为MySQL选择数据类型? [英] Choosing data type for MySQL?

查看:73
本文介绍了为MySQL选择数据类型?的处理方法,对大家解决问题具有一定的参考价值,需要的朋友们下面随着小编来一起学习吧!

问题描述

我已经研究和阅读了几天的SQL数据类型(我知道...我知道,那不是很长),而我难以掌握的事情之一就是如何选择最好的方法.数据类型,以实现可扩展性,效率和易于访问.

I have been researching and reading about SQL data types for a few days now (I know... I know, that's not very long) and one of the things that is hard for me to grasp is how to pick the best data type for expandability, efficiency, and ease of access.

我认为直接选择基本数据类型(即int与varchar)非常简单,但是如何在blob和文本类型之间进行选择.

I think it's pretty straight forward how to choose basic Data Types (i.e. int vs varchar) but how do you choose between things like blob and text type.

MySQL手册页很棒,但不是我们的计算机爱好者所喜欢的...高效.

The MySQL man pages are great but they are not what we computer geeks love... efficient.

我认为,如果我们可以汇编MySQL数据类型的列表,每种数据类型的一般优缺点以及何时选择该数据类型,那将是很棒的事情.

I think it would be awesome if we could compile a list of the MySQL data types, the general advantages/disadvantages of each and when it would make sense to choose that data type.

推荐答案

MySQL字符串类型有两种变体:一种不带字符集标签,而另一种带字符集标签.

MySQL string types come in two variants: One without a character set label and one with a character set label.

固定长度的字符串,其末尾用空格填充,为CHAR(n).没有字符集标签的匹配类型为BINARY(n).将字符串"hello"存储在CHAR(255) CHARSET utf8中将占用765个字节(字符串以空格填充为完整长度,存储为utf8,在最坏的情况下,每3个字符的空间使用会分配3 * 255字节).

A fixed length string, padded with spaces at the end, is CHAR(n).

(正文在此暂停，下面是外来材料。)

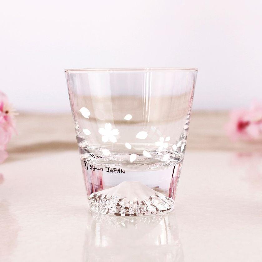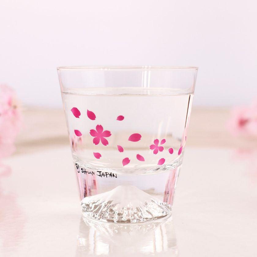グラスの底にはそびえ立つ富士山、グラスの側面には桜の花と花びらが舞う美しいグラスです。飲み物を注ぐと、白い桜の花が鮮やかなピンク色に変化します。
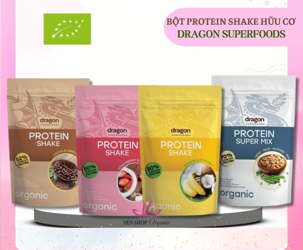 Protein Super Mix 500g – Dragon Superfoods mang đến 4 hương vị đa dạng, phù hợp với nhiều sở thích: Tổng hợp giàu dinh dưỡng từ các loại protein thực vật, Cacao & Vanilla thơm béo hấp dẫn, Dâu Dừa ngọt dịu tự nhiên, và Chuối Dừa thanh mát, dễ uống. Mỗi phiên bản đều giữ nguyên chất lượng hữu cơ, cung cấp nguồn protein hoàn chỉnh từ thực vật, hỗ trợ sức khỏe và chế độ ăn lành mạnh.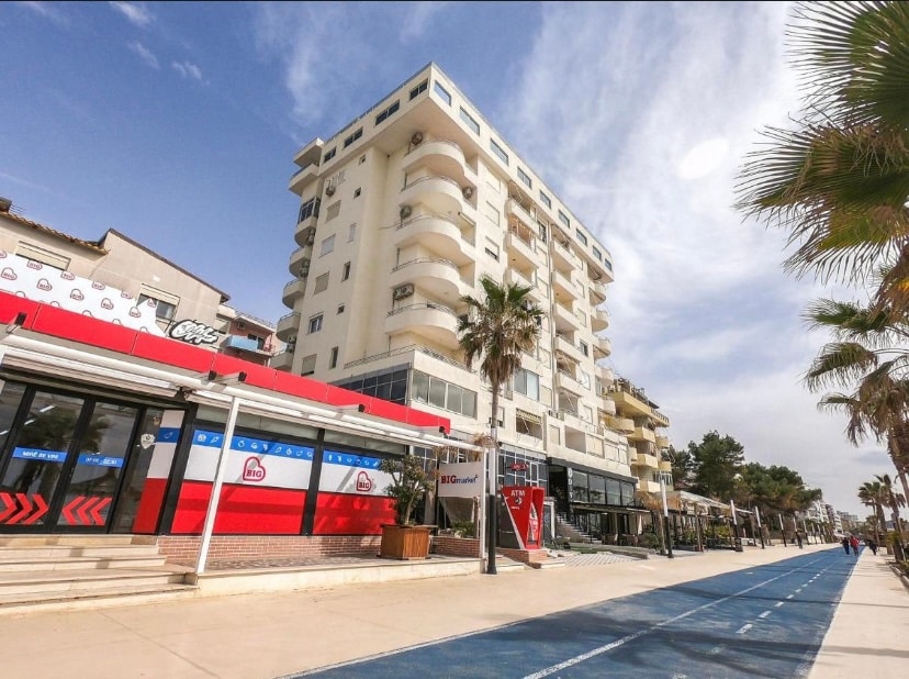 Arteg Apartments - Full Sea View ligger några steg från "Shkembi Kavajes" Beach, med full havsutsikt, i frekventerat område, framför stranden. Den ligger på 2:a våningen och är fullt möblerad. Den är lämplig för boende för 1-3 personer och lägenheten har ett vardagsrum/sovrum, kök och badrum. Lägenheten har ett kök med alla köksredskap, luftkonditionering, WiFi, TV, gatuparkering, etc. Det är nära till kollektivtrafik, taxi, promenader vid havet.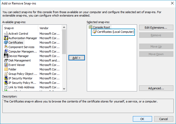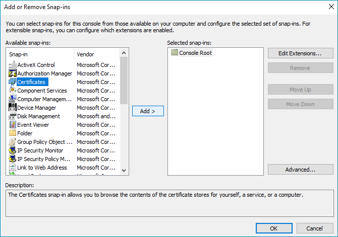 The Certificates snap-in will now appear in the left-hand column of the Add or Remove Snap-ins window under Console Root.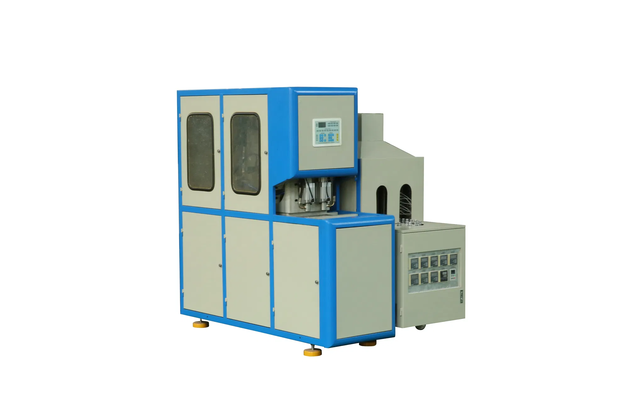 Blowing Machine can produce PET containers, including bottles for wine, drink, soybean, vinegar, and pesticide (less than 5 liters) according to the different bottle shapes and diameters. It has automobile system with high efficiency. The distant infrared ray heat pipe are used in the machine, It ha......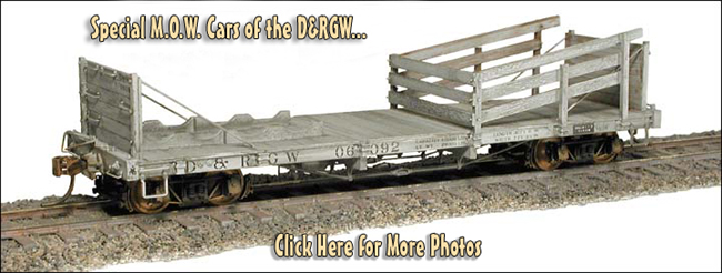 We imported three of the most often photographed M.O.W. "Flats" used on "the Grande", in two different color / paint schemes to represent the two most popular modeling eras. Click Here or on the photo to see them. |

The matching type that has no character set label is BINARY(n). Storing the string "hello" in a CHAR(255) CHARSET utf8 will take 765 bytes (string padded with spaces to full length, stored as utf8 which as a worst case space usage of 3 bytes/character allocates 3*255 bytes).

具有一个或两个长度字节并且没有填充的可变长度字符串是VARCHAR((n).没有字符集标签的匹配类型是VARBINARY(n).将字符串"hello"存储在VARCHAR(255) CHARSET utf8中将占用6个字节(1个长度字节加5个字节的实际文本).以相同类型存储字符串クリス将占用10个字节(1个长度字节加3个字符,每个字符用3个字节表示).

A variable length string with one or two length bytes and no padding is VARCHAR((n). The matching type that has no character set label is VARBINARY(n). Storing the string "hello" in a VARCHAR(255) CHARSET utf8 will take 6 bytes (1 length byte plus 5 bytes for the actual text). Storing the string クリス in the same type will take 10 bytes (1 length byte plus 3 characters using 3 bytes per character to represent them).

mysql> select hex('クリス'), length(hex('クリス'))/2 as bytes;
+--------------------+--------+
| hex('クリス')      | bytes  |
+--------------------+--------+
| E382AFE383AAE382B9 | 9.0000 |
+--------------------+--------+
1 row in set (0.02 sec)

具有1个,2个,3个或4个长度字节的可变长度字符串是TINYTEXT,TEXT,MEDIUMTEXT和LARGETEXT.没有字符集标签的匹配类型为TINYBLOB,BLOB,MEDIUMBLOB和LARGEBLOB.

A variable length string with one, two, three or four length bytes is TINYTEXT, TEXT, MEDIUMTEXT and LARGETEXT. The matching types that have no character set label are TINYBLOB, BLOB, MEDIUMBLOB and LARGEBLOB.

类似于TEXT/BLOB的类型与类似于VARCHAR/VARBINARY的类型在数据的存储方式和存储方式上有所不同,请参见

A TEXT/BLOB-like type differs from a VARCHAR/VARBINARY-like type in how and where the data is stored, see http://www.mysqlperformanceblog.com/2010/02/09/blob-storage-in-innodb/ for details on how TEXT/BLOB-like types are stored in InnoDB depending on version and ROW_FORMAT settings. For performance reasons, you want a recent version of InnoDB and "Barracuda"-Format tables.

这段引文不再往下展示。